Details zum Gedicht „Die Wahlverlobten“

Anzahl Strophen
5
Anzahl Verse
42
Anzahl Wörter
240
Entstehungsjahr
1797 - 1856
Epoche
Junges Deutschland & Vormärz

Gedicht-Analyse

Das Gedicht „Die Wahlverlobten“ stammt aus der Feder des Autors bzw. Lyrikers Heinrich Heine. Der Autor Heinrich Heine wurde 1797 in Düsseldorf geboren. Das Gedicht ist in der Zeit von 1813 bis 1856 entstanden.
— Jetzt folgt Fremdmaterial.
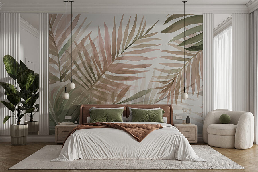 Hallo daar! Stel je voor dat je een kamer binnenloopt die aanvoelt als een exotische ontsnapping. Deze “Fotobehang w08218” is pure rust! Weelderige palmbladeren in zachte, aardse tinten verspreiden zich over je muur, bijna alsof Moeder Natuur zelf je een persoonlijke knuffel geeft. Deze muurschildering is perfect om een beetje van het buitenleven naar binnen te halen en kan elke ruimte omtoveren tot een sereen toevluchtsoord.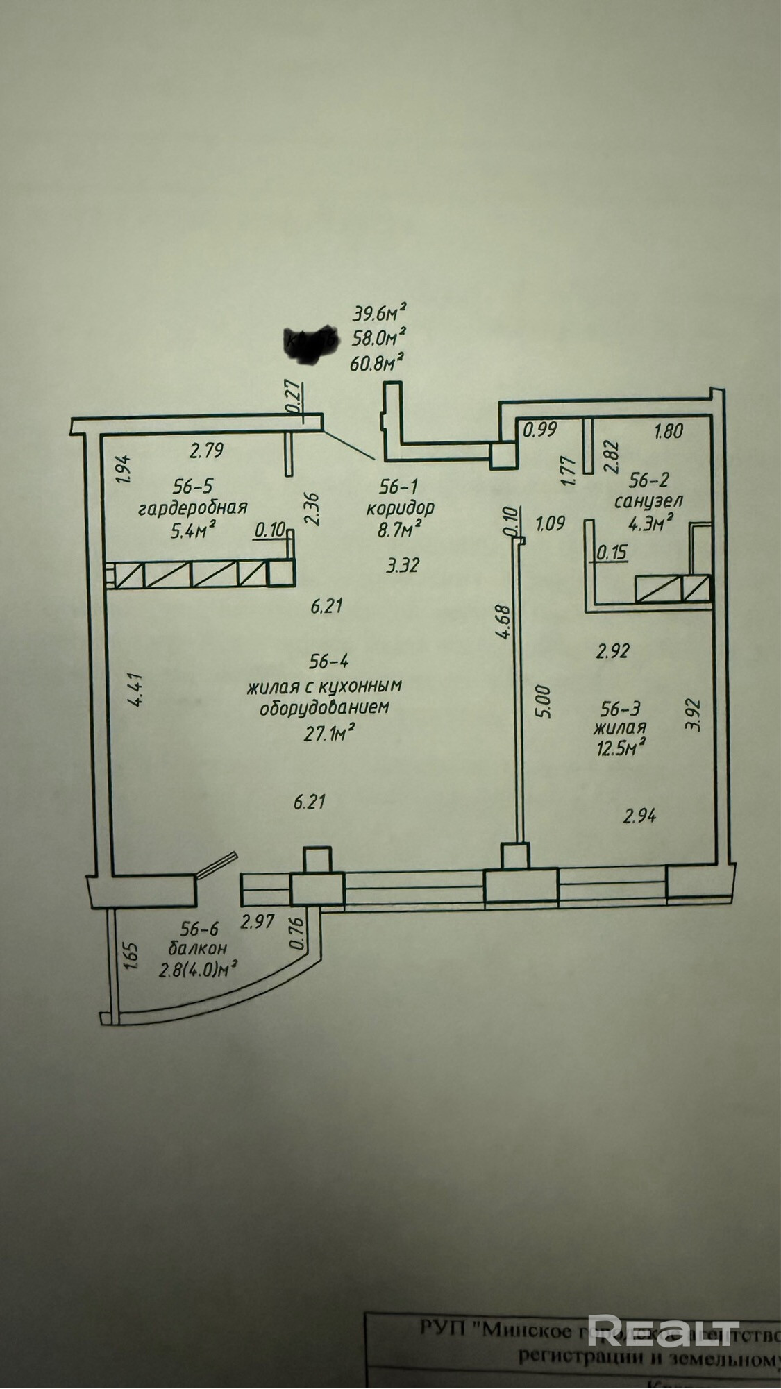 58 м²

Die Entstehungszeit des Gedichtes bzw. die Lebensdaten des Autors lassen eine Zuordnung zur Epoche Junges Deutschland & Vormärz zu. Heine ist ein typischer Vertreter der genannten Epoche. Das vorliegende Gedicht umfasst 240 Wörter. Es baut sich aus 5 Strophen auf und besteht aus 42 Versen. Heinrich Heine ist auch der Autor für Gedichte wie „Ahnung“, „Allnächtlich im Traume seh’ ich dich“ und „Almansor“. Zum Autor des Gedichtes „Die Wahlverlobten“ liegen auf unserem Portal abi-pur.de weitere 529 Gedichte vor.